Une grande partie des réserves d’or de la BCEAO est stockée à l’étranger, notamment à la Banque de France, qui en détient environ 70 %, soit plus d’un million d’onces. Cette centralisation historique, héritée de l’époque coloniale, suscite des critiques croissantes quant à la souveraineté monétaire des pays de l’UEMOA. Des voix, notamment parmi les économistes panafricanistes, appellent à un rapatriement progressif de ces réserves pour renforcer l’autonomie financière de la région.
Depuis 2023, la BCEAO a initié une stratégie de gestion active de ses réserves d’or, en plaçant environ 200 000 onces dans des opérations d’investissement, notamment via la Banque des règlements internationaux (BRI). Cette démarche vise à optimiser les rendements des actifs tout en assurant une diversification des placements, contribuant ainsi à la résilience économique de la région face aux chocs externes.

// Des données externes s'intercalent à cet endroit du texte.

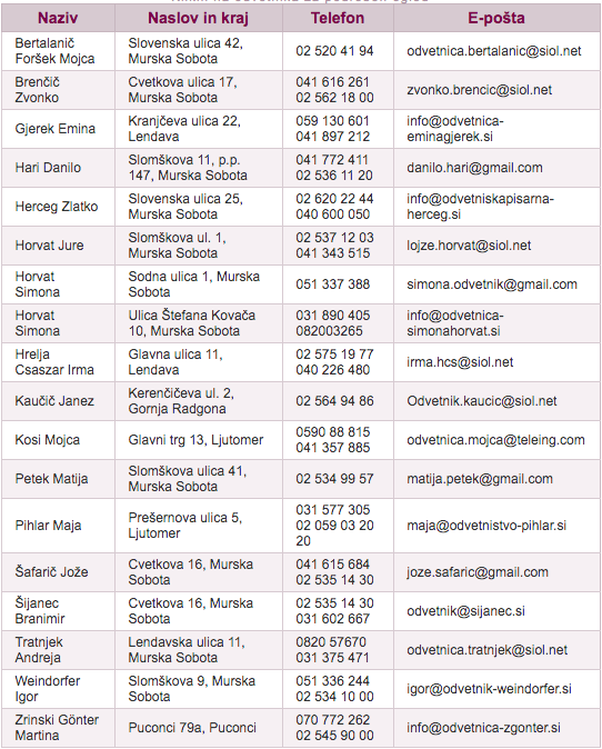 Brezplačno pravno pomoč bo nudilo tudi osemnajst odvetnikov iz Pomurja, ki si jih lahko ogledate na spodnjem seznamu. Seznam odvetnikov iz drugih slovenskih krajev pa najdete tukaj.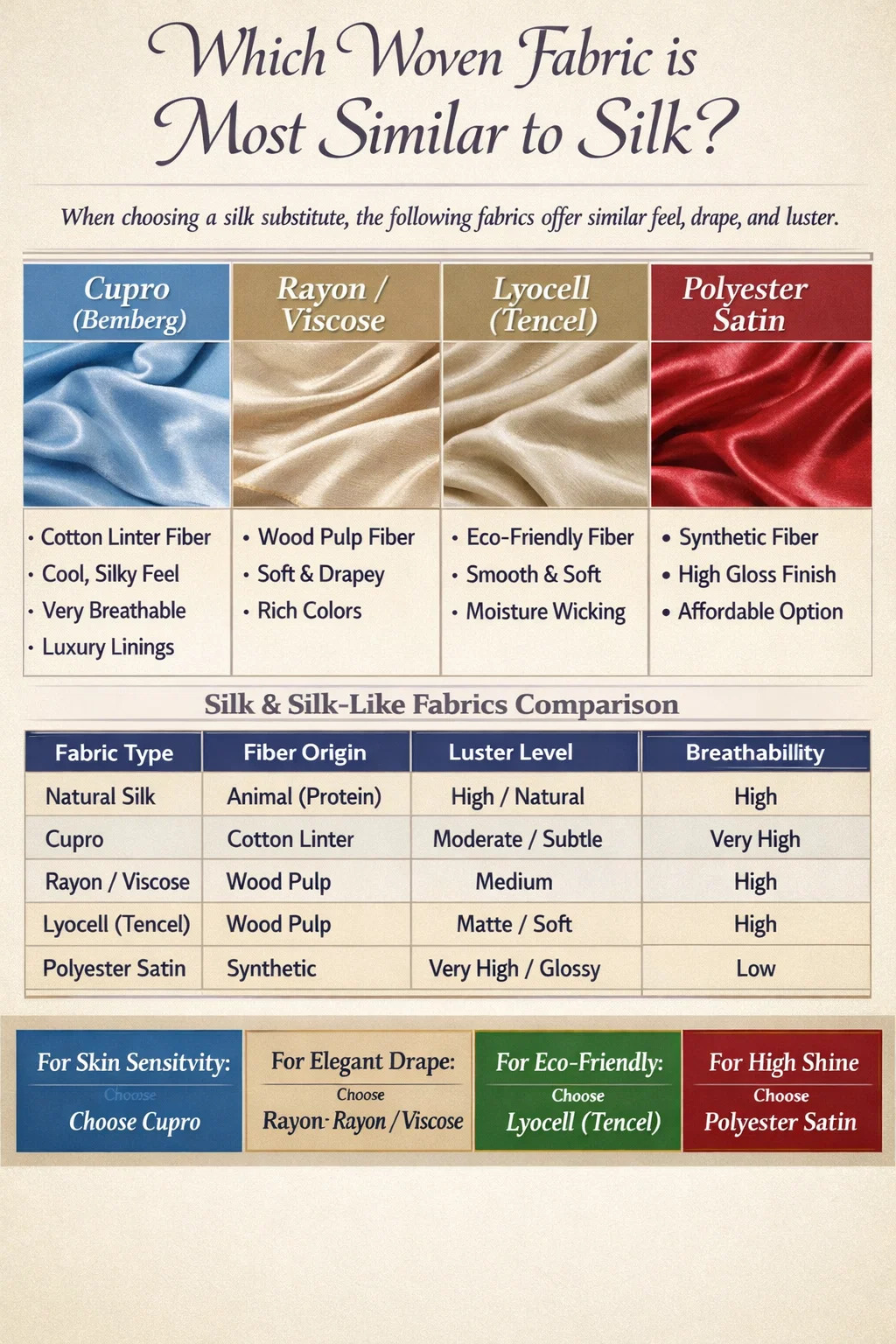 Lors de la recherche d'un tissu tissé qui reproduit la sensation luxueuse, le lustre et le drapé de la soie naturelle, les concurrents les plus importants sont Rayonne, Cupro et Lyocell (Tencel) . Parmi ceux-ci, Cupro est largement considéré comme le match le plus proche en termes de respirabilité et de toucher soyeux, tandis que Polyester satiné constitue l’alternative synthétique abordable la plus courante. Ces tissus utilisent des tissage techniques pour imiter les fibres protéiques lisses produites par les vers à soie.

La consolidation des réserves d’or de la BCEAO intervient dans un contexte de discussions sur la réforme du franc CFA et la création éventuelle d’une monnaie unique ouest-africaine, l’éco. La gestion efficace des actifs en or pourrait jouer un rôle déterminant dans la réussite de cette transition monétaire, en offrant une assise solide pour la nouvelle monnaie et en renforçant la confiance des investisseurs.